Over the past couple of years, we’ve seen government spending drop considerably as a percentage of the economy as a whole. But is it set for a comeback?
As the chart below shows, spending is near the lows of the late 1990s and well below the levels of the 1980s and earlier. Even the spike during the financial crisis only brought us back to ’80s levels.
Small wonder that, as government spending has plummeted as a percentage of GDP, its contribution to economic growth has been resoundingly negative—until recently. Now, at least, it's flat.
The trend line is down, and we've moved back above trend—and above zero—for only the second or third time in the past five years.
Will government start contributing to growth?
One of my assumptions has been that government wouldn't be a net contributor to economic growth in any significant way, as spending remained constrained and politics remained toxic. It may be time to revisit that idea.
This morning, I listened to a talk by Greg Valliere, one of the best political observers and consultants out there, who made a somewhat startling statement. In speaking with multiple politicians of both parties—and that includes Republicans—he’s seen a consistent willingness to spend more, especially on the military and on infrastructure.
If so, this is a big change. You can see the two-decade trend line above, with the past five years being the most negative of the period. Despite all of the very real concern about the deficit (which is under control for the moment) and the debt (which is not), government spending as a percentage of the economy and as a contributor to growth has dropped.
What does history tell us?
Setting aside the politics of the matter, it’s clear that, in the past, government has been much larger than it is right now, and government spending has historically been a much bigger contributor to growth. It’s certainly possible we could move back in that direction.
The problem, though, is that in the 1970s and particularly the 1980s, the high levels of federal spending were driven by deficits. The economy grew faster than spending did in the 1990s, bringing down government spending as a percentage of the economy as a whole, but spending growth also moderated. We have seen the same behavior over the past 10 years.

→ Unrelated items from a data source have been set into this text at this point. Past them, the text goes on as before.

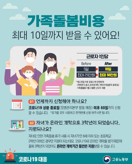 [세계연합신문, 김종근기자] 가족돌봄비용, 근로자 1인당 최대 10일까지 받을 수 있습니다.
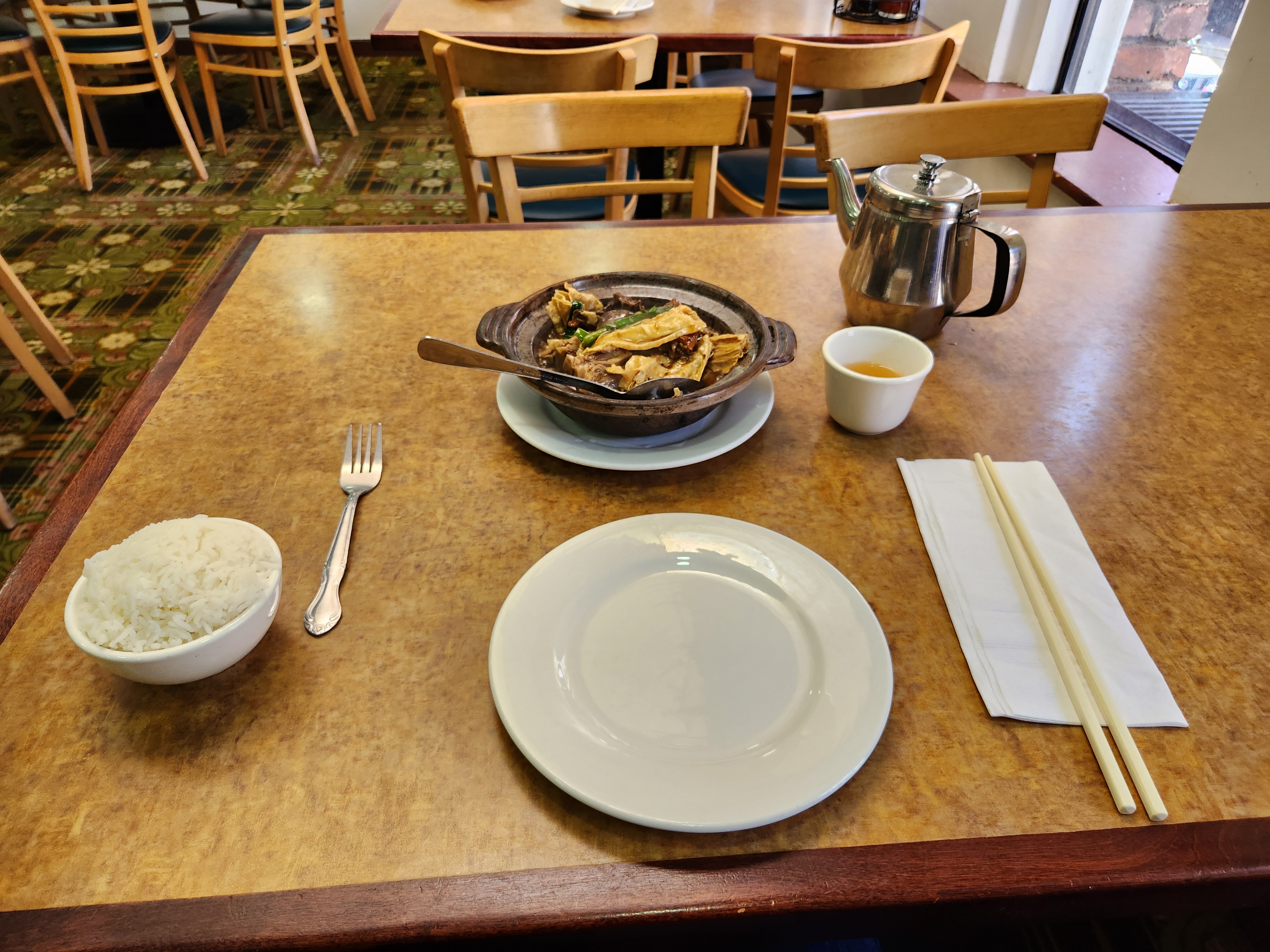 Capital Restaurant for some Cantonese classics: Fried rice, Chinese broccoli in oyster sauce, Mongolian Beef, and Chow Fun, with a cup of hot oolong tea to top it off
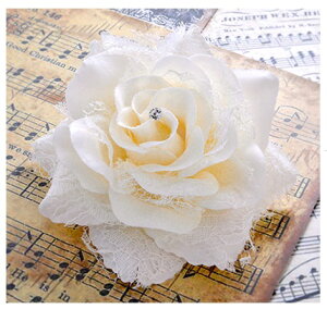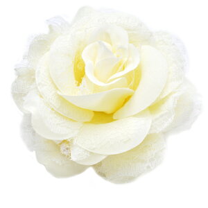 この繊細な髪飾りは、結婚式や発表会、入園・入学式など特別な日の装いを一層引き立てます。 美しい薔薇の形をしたデザインは、柔らかなオーガンシー素材で仕上げられ、中心にはきらめく装飾が施されています。 その繊細な造りは...
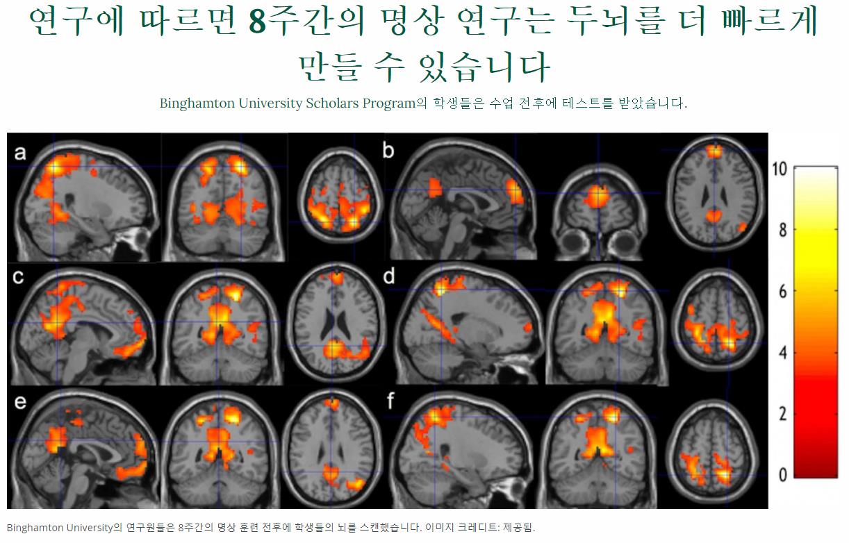 명상을 하는 동안에는 뇌의 활동성이 매우 줄어들지만, 주의 집중과 관련된 뇌 부분과 자율신경계 활동을 조정하는 뇌 부위의 활동성이 높아졌다고 합니다.
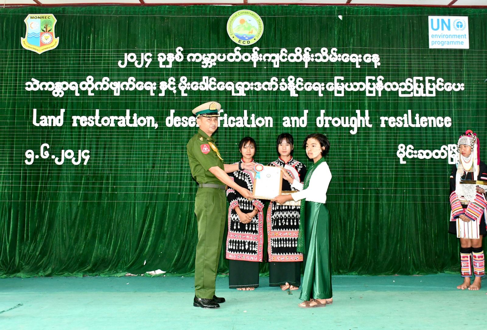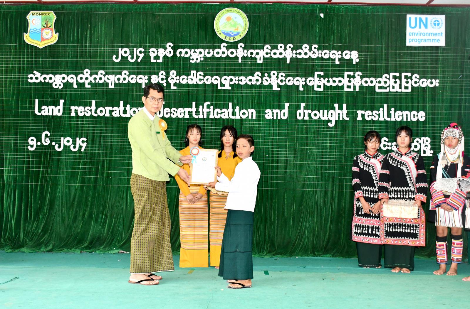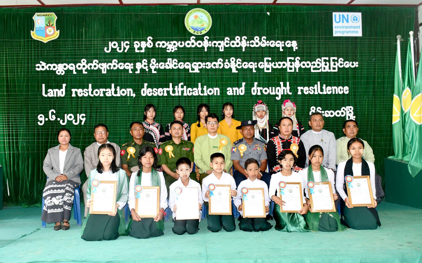 ထို့နောက် ခရိုင်စီမံအုပ်ချုပ်ရေးအဖွဲ့ဥက္ကဋ္ဌ ဦးညီညီထွေး၊ အမှတ်(၁၄)စစ်ဆင်ရေးကွပ်ကဲမှုဌာနချုပ်မှ ယာယီနည်းဗျူဟာမှူး ဒုတိယဗိုလ်မှူးကြီး ဝင်းကျော်သန့်၊ ရှမ်းပြည်နယ်၊ ပတ်ဝန်းကျင်ထိန်းသိမ်းရေးဦးစီးဌာနမှ ဒုတိယညွှန်ကြားရေးမှူး ဦးမော်မော်ကိုနှင့် တာဝန်ရှိသူတို့က ကမ္ဘာ့ပတ်ဝန်းကျင်ထိန်းသိမ်းရေးနေ့အထိမ်းအမှတ် အခြေခံပညာအလယ်တန်းအဆင့် စာစီစာကုံးပြိုင်ပွဲနှင့် မူလတန်းအဆင့် ပန်းချီပြိုင်ပွဲတွင် ဆုရရှိသည့် ကျောင်းသား၊ ကျောင်းသူများကို ဂုဏ်ပြုမှတ်တမ်းနှင့် ဂုဏ်ပြုဆုငွေများပေးအပ်ရာ ဆုရရှိသည့် ကျောင်းသား၊ ကျောင်းသူများက လက်ခံရယူကာ စုပေါင်းမှတ်တမ်းဓာတ်ပုံများ ရိုက်ကူးခဲ့ကြပြီး ကမ္ဘာ့ပတ်ဝန်းကျင်ထိန်းသိမ်းရေးနေ့အထိမ်းအမှတ်အဖြစ် ပြသထားသည့် အသိပညာပေးနံရံကပ်ဘုတ်များကို ခရိုင်စီမံအုပ်ချုပ်ရေးအဖွဲ့ဥက္ကဋ္ဌနှင့် တာဝန်ရှိသူတို့က လှည့်လည်ကြည့်ရှုအားပေးခဲ့ကြသည်။

If spending does, in fact, rise again, it would mean either a return to higher deficits or an increase in taxes. Higher deficits are probably the more likely option but would be difficult to sustain for any length of time, especially with the coming wave of boomer retirements—which, in any event, will run up the deficit again.
History (and, apparently, current politics) seems to suggest that federal spending will rise—and that, in turn, suggests that taxes will also have to rise back to historical levels. Over time, it’s hard to have one without the other.